I have fought the good fight, I have finished the race, I have kept the faith.

If I gave you the verse before and after, it's actually a lot to think about. But in this case, I just want to say, I did not finish. And for me, that's what it's about. Finishing. Anyone can sign up and get the tee shirt with their registration. But you have to finish to get the medal, to get the reward. And that always means something to me.

So I will nurse my wounded knee and my wounded ego and eventually never get over it.

Do you ever feel like a quitter? Does it hurt you as much as it does me?

(I have a picture from the starting line, but it's really bad so I'm not sharing. I didn't finish, I don't have to show a bad picture. New rule.)

Friday, June 7, 2013

Quotes from Whitney's friends

"Dreamed I was a princess. Woke up, I'm still one."

"It's not your or you're.
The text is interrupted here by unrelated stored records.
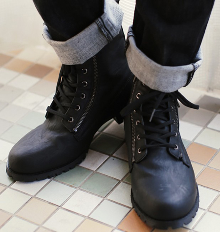 帅气男性魅力的高帮短靴,侧面有拉链开襟,穿脱方便,鞋底有厚度,穿着舒适。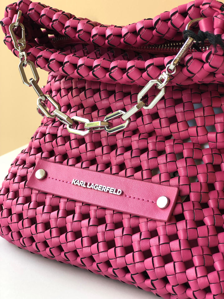 A bolsa feminina Karl Lagerfeld K/Cushion Braid Mini FD Tote na cor rosa é feita de material trançado fino. Incrivelmente chique e moderna, a bolsa K/Kushion possui alça de ombro ajustável e fecho com zíper. O logotipo da marca Karl Lagerfeld está localizado na parte frontal da bolsa. Dimensões: 23x26x8cm (largura x altura x profundidade)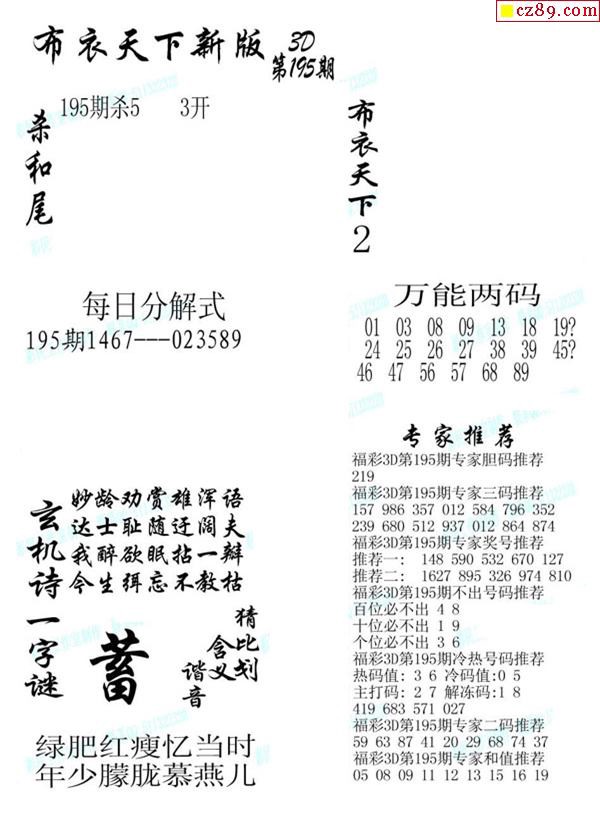 2019195期3d图谜汇总(五)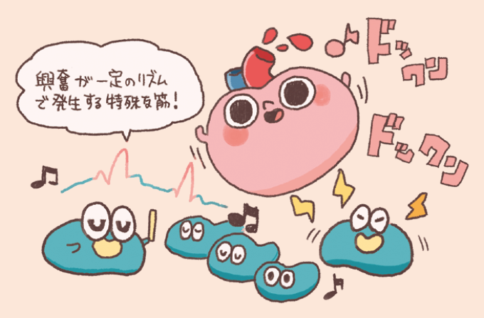 心臓には、脳からの神経による刺激がなくても自ら一定のリズムで興奮を発生させて繰り返し動かす性質があります。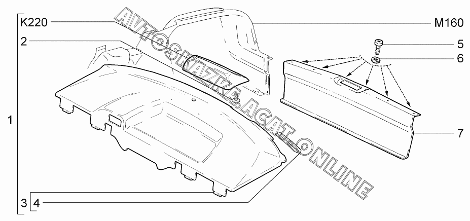 | Название детали: | Полка багажника с прокладкой и буфером в сборе |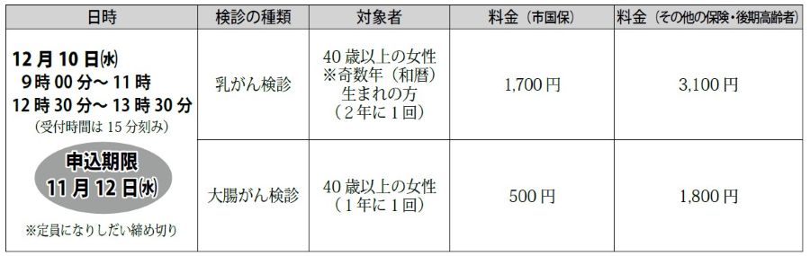 ※このほか市立病院(胃・肺・大腸・子宮・乳がん検診ほか)、神部クリニック(子宮がん検診)、そらち乳腺・肛門外科クリニック(乳がん検診)で受診可能です。医療機関により、料金が異なる場合や別途料金が発生する場合がありますので、各医療機関に直接お問い合わせください。
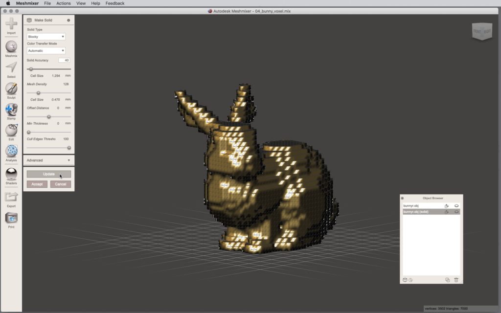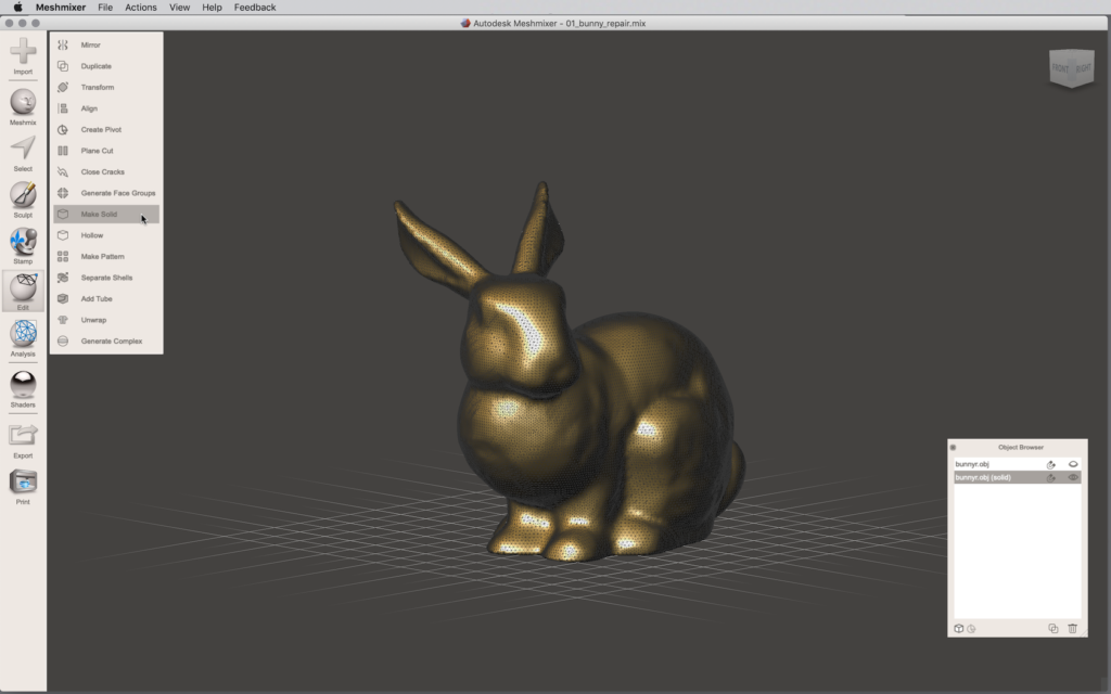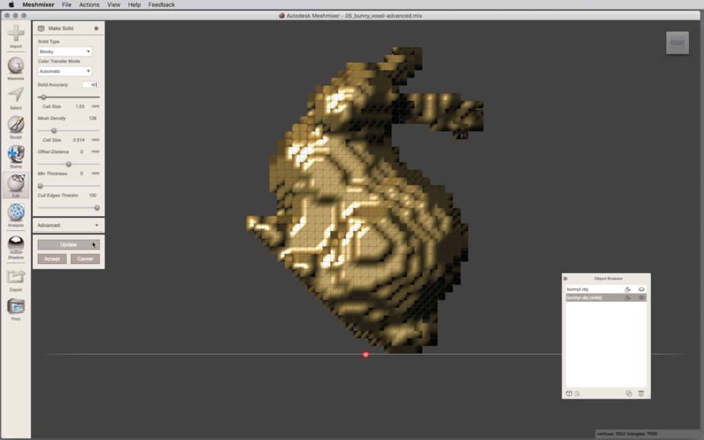 - In the Tool bar, enter Edit and select Make Solid. This effectively duplicates the original as a higher-density mesh. The Make Solid function can also further refine accuracy and mesh density by playing with variables in the dialog box. Other useful functions here are the Offset Distance and Minimum Thickness parameters, which can adjust too-thick or too-thin areas. Here’s the Autodesk help page for more.
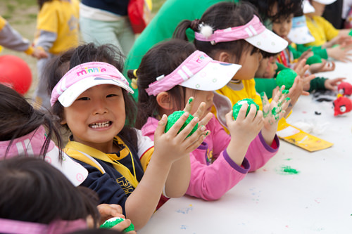 在陶土工艺区,孩子们正在拿自己稚嫩的小手将陶土捏出各种模样。 另外,还有制作徽章、皮球等工艺品,及杯子蛋糕等可供全家人一起分享的体验!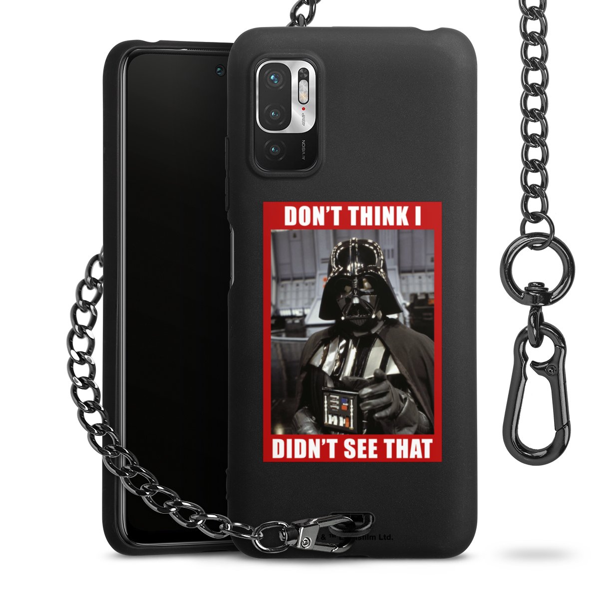 Die mattschwarze Silikon-Handyhülle besteht aus robustem TPU (thermoplastisches Polyurethan). Sie ist flexibel und schützt Dein Smartphone vor Stößen und Kratzern. Die Kette sowie der Karabinerhaken sind aus Metall in Gunmetal-Optik gefertigt. Für dieses Produkt kommen ausschließlich TÜV-geprüfte Materialien zum Einsatz.

It's MINE! ALL MINE!"

"30 day 10k training plan. Day 1, run half mile, walk half mile, repeat 3 times. Day 2-30 carb load. I thimk I'm ready".

Wednesday, June 5, 2013

Does that make me crazy?

Not sure what is worse... that I have a 21 year old pair of sweat pants or that I still wear them.

Tuesday, June 4, 2013

River Run

Last Saturday Sheila met me and Steve at 6:30 a.m. for the River Run 10K. We were both under trained but that didn't stop us. It was my slowest 10K to date but thoroughly enjoyed it and felt better about this finish then I have many other races. I'm still considering Storm the Dam half marathon next Saturday.

Sheila and I have ran (I think) 3 10k's, 3 half marathons and 2 10 milers together and countless training miles. Here's to many more.

Sunday, June 2, 2013

I have learned

I planned a couple activities for Steve and I this weekend. Two of them bombed. I told him he was in charge from now on. He said it doesn't get me off the hook. I learned the effort was appreciated.

Chafing hurts.

I don't get the fascination with Target. Household items are more expensive than Walmart and Dillons. Clothes are about the same as TJ Maxx.

10k distance is my hardest distance. (I find this weird).

I would rather work out then read about it or pin others workouts.

Cutting fruits and veggies takes time. It's always worth it.